Nowhere is that more evident than in Nazi Germany from the 1930s to 1945.
In 1999, German psychiatrists publicly admitted that psychiatry had spawned "eugenics" and the racial "inferiority/superiority" ideology almost three decades before the Nazis took power in 1933. Indeed, it was this ideology that turned the Nazis into mass murderers. The following is a brief history:
1895: German psychiatrist Alfred Ploetz and jurist, Karl Binding, published their theories about race inferiority in the book, The Fitness of Our Race and the Protection of the Weak. In 1909, Ploetz founded the German Society for Racial Hygiene. Ploetz's theory was that destroying unworthy life was "purely a healing treatment."
1920s: Psychiatrist Alfred Hoch's book, Permission to Destroy Life Unworthy of Life, demanded euthanasia be conducted on "mental defectives." This, and another psychiatric text, Human Genetics and Racial Hygiene, helped form the "scientific" basis for the Nazi racial purity program.
According to Hoche and Binding, the acceleration of the death process is not an act of murder but "in truth a pure act of healing" and there are people who are "worthless" to society. Primary among these are the inmates of the "idiot institutes," who are "not only worthless, but of absolutely negative value." As for the "incurably dumb," "Their death will not be missed in the least except maybe in the hearts of their mother or guardian.... When we become more advanced, we will probably be saving those poor humans from themselves."
1933: The German psychiatric community's ideology of racial purity found fertile ground in the new Nazified Germany. Adolf Hitler's accession to power was a major gain. Psychiatrist Ernst Rüdin's Sterilization Law was passed.
1934: The first step in psychiatry's eugenics master plan was sterilization and castration for those deemed biologically unsound.
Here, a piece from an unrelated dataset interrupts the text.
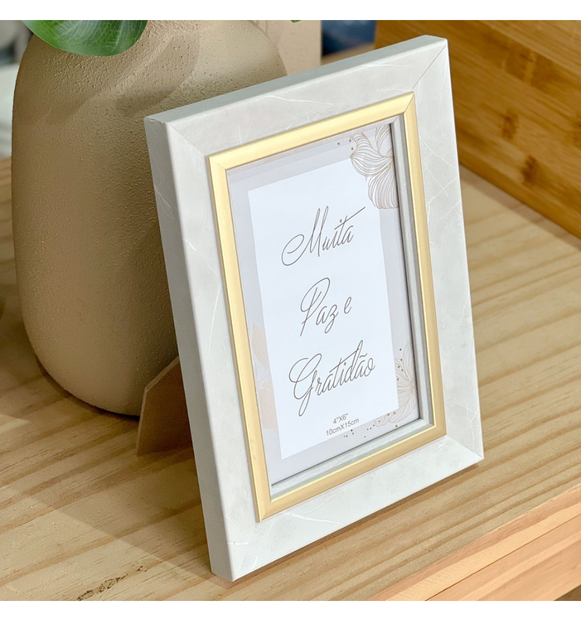 2. Porta Retrato Bege "Muita Paz e Gratidão" 10cm X 15cm

This included the mentally ill, intellectually handicapped, homosexuals and "colored" people. To "cleanse the nation of impure and undesirable elements," it is estimated that between 1934 and 1945, up to 350,000 people were sterilized.
1935: In 1935, with the enactment of the Nuremberg Laws, Jews were relegated to sub-citizens by reason of race.
1940: The first "gassing test" was conducted at Brandenburg institution; 18-20 people were exterminated while psychiatrists and staff watched. The "T4" euthanasia program was launched by German psychiatrists to further the objective of a pure German nation, and the first gas chambers were installed in mental institutions. Between 1940 and 1944, 300,000 "mental" patients were murdered by gassing, starvation or drug overdose.
Others were put to more practical use. In one documented case, a single shipment of brains of 33 murdered children between the ages of seven and eighteen, were received at a brain research facility "in the interest of scientific development."
1941: As the final solution to the Jewish "problem" was implemented, the successful psychiatric euthanasia procedures were exported wholesale into the concentration camps and extermination camps run by the Nazi SS — with eminent German psychiatrists acting as consultants. "The killing in the concentration camps went along the same lines and with the same registration forms as in the insane asylums," noted one proud German psychiatrist.
1946: Nuremberg Trials: Only four out of dozens of Nazi psychiatrists were prosecuted, most escaped justice, and many returned to psychiatric practice after the war.